--- START ---
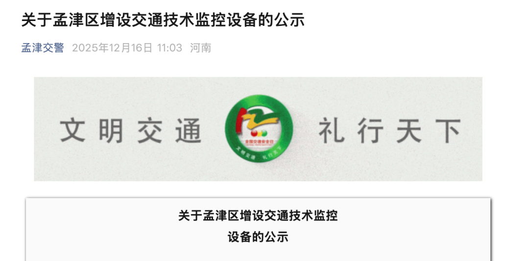 為加強道路交通安全管理,預防和減少道路交通事故,根據《中華人民共和國行政處罰法》《中華人民共和國道路交通安全法》等法律法規規定,洛陽市公安局交通管理支隊勤務八大隊在孟津區增設交通技術監控設備,用于查處車輛違反信號燈通行、逆向行駛、違反禁止標線指示、不按導向車道行駛、違反禁令標志指示等違法行為,公示日期為:2025年12月16日至2025年12月22日,2025年12月23日起開始啟用。
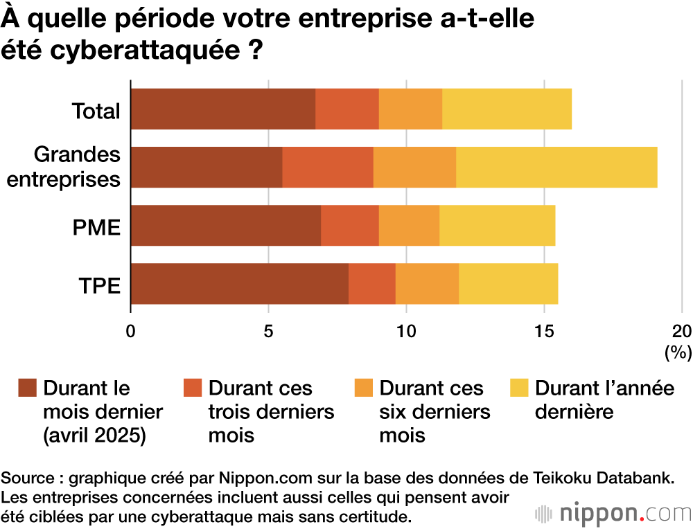 Une enquête menée entre le 19 et le 31 mai 2025 par l’Institut de recherche Teikoku Databank auprès de 10 645 entreprises japonaises a montré qu’un tiers d’entre elles s’étaient déjà confrontées à une cyberattaque.
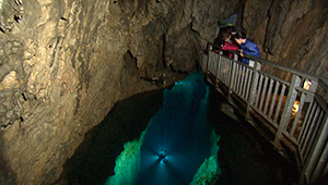 中は、夏でも上着が必要なほどひんやりとしています。静かに、美しい湧水をたたえた地底湖は“龍がいた”と昔のひとが言ったほど深く美しいブルー。2016年の台風の被害で雨水が流れ込み、一時営業を休みましたが、無事に美しい姿を取り戻しました。
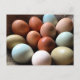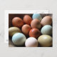 Uma bela coleção de uma dúzia de cheios de ovos de galinha cortados em várias cores e tamanhos colocados por galinhas fazendas de raças diferentes ao ar livre. Branco, creme, biege, café, azul, verde-oliva e até ovos salgados!
--- END ---
Print exactly, and only, the lines from the line containing "Une enquête menée" to the last line of the material above, with every picture left out.

 Une enquête menée entre le 19 et le 31 mai 2025 par l’Institut de recherche Teikoku Databank auprès de 10 645 entreprises japonaises a montré qu’un tiers d’entre elles s’étaient déjà confrontées à une cyberattaque.
 中は、夏でも上着が必要なほどひんやりとしています。静かに、美しい湧水をたたえた地底湖は“龍がいた”と昔のひとが言ったほど深く美しいブルー。2016年の台風の被害で雨水が流れ込み、一時営業を休みましたが、無事に美しい姿を取り戻しました。
 Uma bela coleção de uma dúzia de cheios de ovos de galinha cortados em várias cores e tamanhos colocados por galinhas fazendas de raças diferentes ao ar livre. Branco, creme, biege, café, azul, verde-oliva e até ovos salgados!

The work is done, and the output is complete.